At https://archaeologynewsnetwork.blogspot.com/2020/02/oral-traditions-and-… … Aborigines and traditions. It seems some of these traditions allude to volcanic eruptions and meteors – and some of them may date back thousands of years. In SE Australia there are 400 basaltic intrusions as a result of eruptions – probably dating within the last 100,000 years, it is suggested. Aborigines have been in Australia a long time – possibly over 50,000 years. Their Denisovan ancestors even longer. A new study published in Geology says OSL dating (and allegedly, C14 methodology) has come up with a date of 36,800 years ago for the Tower Hill volcanic complex which houses a stone axe within the sequence of ash deposits. This basaltic complex is located in western Victoria.
Staying in Australia, at https://archaeologynewsnetwork.blogspot.com/2020/02/they-were-once-domes… … which concerns the ubiquitous dingo. They are descended from domesticated dogs, it would seem, but are now thoroughly feral …

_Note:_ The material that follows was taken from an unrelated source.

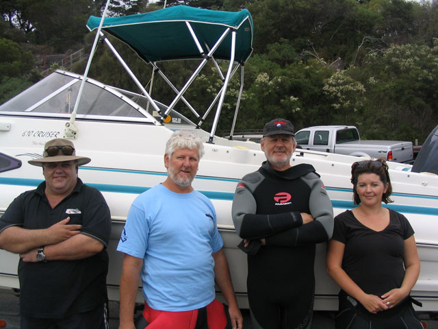 | Divemaster: John Lawler, VSAG Boat: Mick Jeacle's Haynes Hunter 540 SC Explorer, Sorrento First dive with VSAG for 2007. Stopped by The Scuba Doctor on the way down and got a new pair of Northern Diver 2mm superstretch neoprene gloves. I arrived at Sorrento to find John Lawler already there with his boat, plus Alan Storen and some of the others. I started to unload my gear from the car and get into my wet suit. Peter Briggs showed up with his boat, shortly followed by Mick Jeacle with his boat. I was assigned to Mick's boat and we started to load the gear. Once all three boats were launched, we headed out to the J4 Submarine. There was a lot of activity on the bay but no-one else out at the J4 Sub. Mick Jeacle positioned us over the J4 and Alan put in the shot line. Then Alan, Cathy and myself geared up. (I must remember not to add the BC weights until after I get my BC on when using my 15 litre steel cylinder.) We went in and followed the shot line onto the bow of the submarine. We proceeded back to the break and went into the forward section to see the torpedo tubes. Then we entered the main body of the submarine and swam through to the rear bulkhead. There was a bit of surge happening, which made it fun. As we were passing the hole at the rear of the conning tower, Cathy was spat out the top by the surge. Being slightly ahead of her, I managed to make it across and join Alan at the bulkhead. Alan and I then exited via the hole. The three of us proceeded back towards the bow down the port side. There was a large school of silvery coloured fish hanging around to the port of the conning tower. Some very large ones in amongst many smaller ones, possible juveniles. They totally ignored us, let us stop and look, and swim past without moving from their station. We stopped to check out the plaque at the base of the conning tower. I signalled to Alan that I was at 100 bar and shortly afterwards we started our ascent, stopping for a one minute safety stop at 10 metres, followed by a longer one at 5 metres. There was something simply marvelous about this dive that is hard to explain. Simply delightful. Once the three of us were back aboard, Mick Jeacle went in, buddy up with Mike Kakafikas from Peter's boat. While we were waiting for them, a Dive Victoria boat arrived on the site and looked like it was going to shot the sub with our two divers in the water. So we headed over and Alan Storen let them know that we had two divers in that were due up in about 5 to 10 minutes. They moved away and waited until we had recovered our divers. It was obvious conditions at the Rip were going to be a bit trickier than they were as we came out. So Peter Briggs transferred some of the cylinders on his boat to the larger boats before we headed back through the Rip. There was a lot of shipping activity and we ended up following one of the Pilot boats in through the Rip. Once we were positioned off of Point Lonsdale we all stopped for lunch. |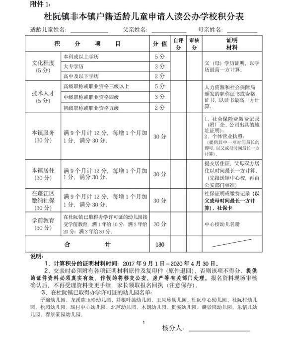 附件1:《杜阮镇非本镇户籍适龄儿童申请入读公办学校积分表》

… dingoes began their journey around 8300 years ago, we are told, when they split off from their ancestors, Indonesian village dogs. They originated in SE Asia about ten thousand years ago (or were in SE Asia at the beginning of the Holocene, to be more exact). How did they reach Australia? Interestingly, 8200 years ago, roughly 6200BC, was when Sunda Land was flooded – leaving b ehind the islands that now make up Indonesia west of the Wallace Line. Prior to that time Sunda Land was part and parcel of SE Asia. Hence, we have a sudden and dramatic event underpinning the arrival of dingoes in Australia. Having said that there still remains a mystery – or a potential mystery. The dingo still had to cross from what had been Sunda Land to Australia – and its too far for dogs to swim. They had to arrive with humans – in boats.